Do you have children or other family members for support? If not you may want to check out some local support groups. Start getting involved in activities that you enjoy and start building a life for yourself.


----------



## Clinging (May 14, 2011)

Thanks for your advice. I'm not sure I could do better. I'm over 50 and most men over 50 want younger woman not "older" . I justify staying married to him as I can understand why he does what he does. Our marriage is good when it is good. Right now we are not in a good place and I am probably getting close to the end of my rope. I don't want to do marriage counselling because I feel he needs individual counselling more but he refuses to go, thinks he can work things out on his own. I don't think he can.
I am trying to be extra nice to him, I let him know I love him but after than I'm not sure what else I can do. My children are older and have their own lives and I haven't really told any of my good friends what is happening so basically no I have no support system at the present, hence reading and posting on this forum.


----------



## sisters359 (Apr 9, 2009)

Have you built your own life--friends, activities, job, etc? That, and counseling for yourself, would be good places to start. Being over 50 isn't really an issue unless you simply cannot face being alone--and even then, if you have a very good friend or relative to live with, it can be ok. I left my ex at 50--and I wasn't expecting anyone to come along suddenly, so I made all my decisions assuming I'd be alone the rest of my life. I know I can live with a sister or friend, or even later, my kids might need a place to call home for a spell--but I imagined being on my own, and I made myself look for the good in that, and it became an exciting opportunity. Now if I could just make it happen! (haha, long story, but we--me, kids, ex--are in one house due to him falling apart and having no one, I mean NO ONE he could turn to, in this part of the country; but I was on my own and then with kids 50% of the time last year for several months).

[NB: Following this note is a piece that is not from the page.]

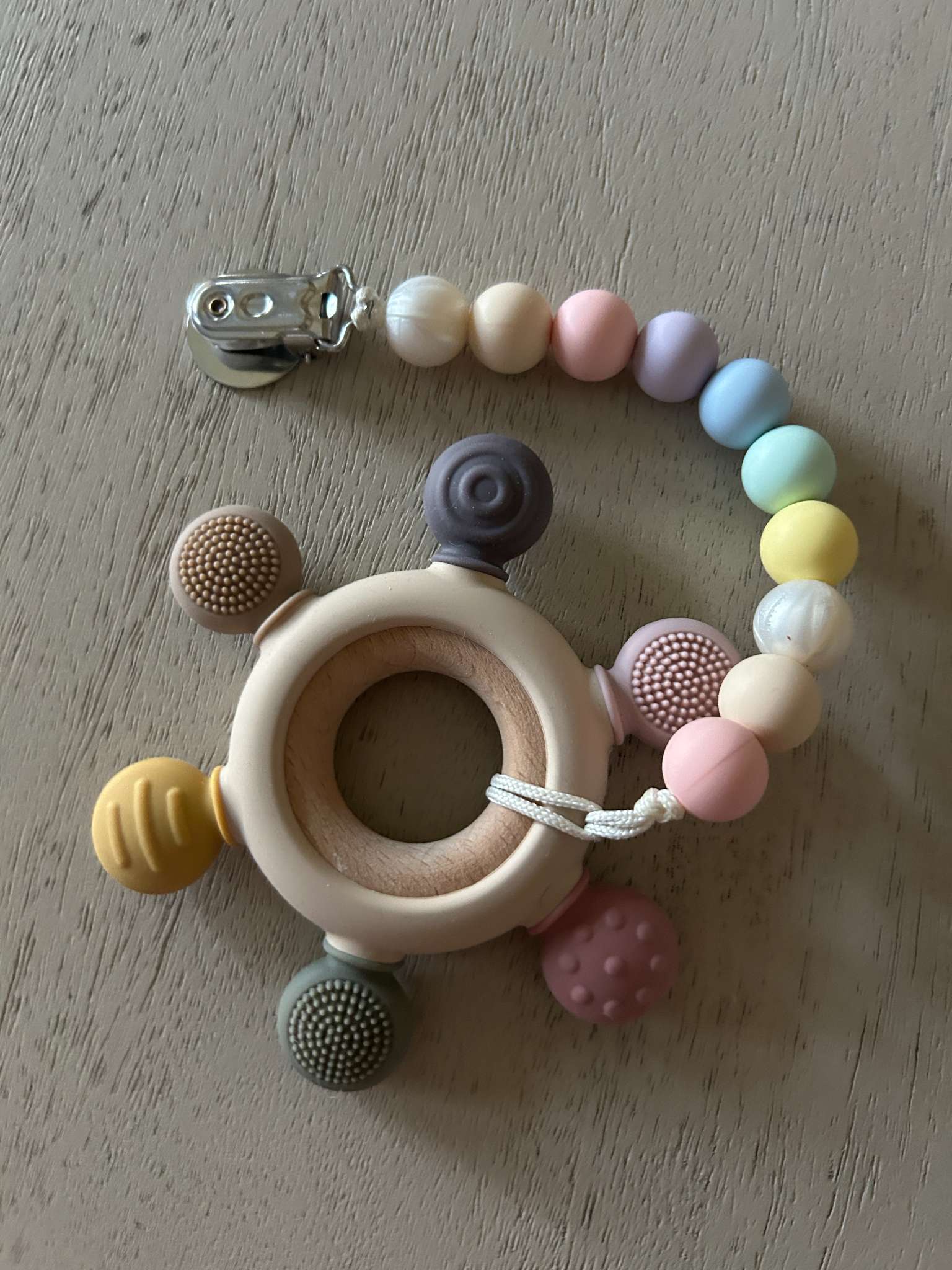 Description : Pacifier clip with pastel silicone beads and wooden/silicone teether toy Baby did not use at all so like new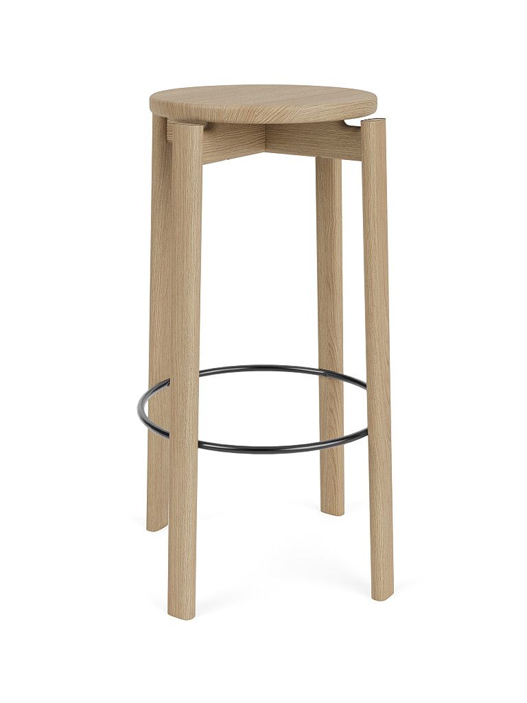 Looking to time-honoured Danish cabinetmaking traditions the Passage Bar Stool in walnut or natural oak showcases modern design and woodworking through traditional techniques. Crafted from solid walnut or FSC-certified solid oak with a lacquered finish the rich colour and luxurious grain pattern inherent to the high-quality hardwood ensure an enduring aesthetic. Thoughtfully designed a black or brushed brass foot ring ensures a comfortable seating experience for extended periods while the stools bar height aligns seamlessly with kitchens and other communal spaces making it a versatile design that effortlessly blends functionality with comfort. Its ingenious flat-pack construction encourages active participation in the assembly process.

Living alone does not mean "lonely," unless you let yourself think that. So if fear is the only thing keeping you in this relationship, maybe counseling will help you find the courage to move on. It is so nice, I can tell you, not sharing your life with someone who takes you down much more than they lift you up! 

What will you do if he finally decides he really wants to be with someone else? If you plan to leave first, you won't be left--you'll have done the hard work of facing the future w/o him.

And you never know what the future holds; you could meet someone. Just plan for being alone, and if that changes, fine. But if you learn to love being on your own and to build a happy, busy life for yourself, it could be so much nicer than tolerating what you have for the rest of your life.


----------